The final pse_control_put() of phydev->psec moves from
phy_device_remove() to phy_device_release(), so it runs only after
every reference on the device -- including the bus-iterator references
taken by bus_for_each_dev() in the notifier walk -- has been dropped.

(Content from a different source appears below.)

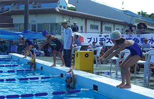 操業開始して間もない1975年に、地域活性化の一環として近隣の小学生を対象とした水泳大会「ブリヂストン杯学童水泳大会」を開催し、以降毎年8月に開催しています。現在では地元に根付いた歴史ある大会となっており、毎年約150名の小学生が参加しています。

Finally, delete fwnode_find_pse_control() and its call site in
fwnode_mdiobus_register_phy(), and drop the PSE header from
fwnode_mdio.c. The MDIO/DSA probe no longer sees any PSE-originated
-EPROBE_DEFER, so the probe-retry storm is gone and fwnode_mdio is
now PSE-agnostic.

Reported-by: Jonas Jelonek <jelonek.jonas@gmail.com>
Closes: https://lore.kernel.org/netdev/e00048dd-1ed3-40c3-9912-59bccf015ad5@gmail.com/
Signed-off-by: Corey Leavitt <corey@leavitt.info>
Co-developed-by: Carlo Szelinsky <github@szelinsky.de>
Signed-off-by: Carlo Szelinsky <github@szelinsky.de>
---
 drivers/net/mdio/fwnode_mdio.c |  34 -------
 drivers/net/phy/phy_device.c   | 168 +++++++++++++++++++++++++++++++--
 drivers/net/phy/sfp.c          |   2 +-
 drivers/net/pse-pd/pse_core.c  |  14 +++
 include/linux/phy.h            |   2 +
 include/linux/pse-pd/pse.h     |   9 ++
 6 files changed, 186 insertions(+), 43 deletions(-)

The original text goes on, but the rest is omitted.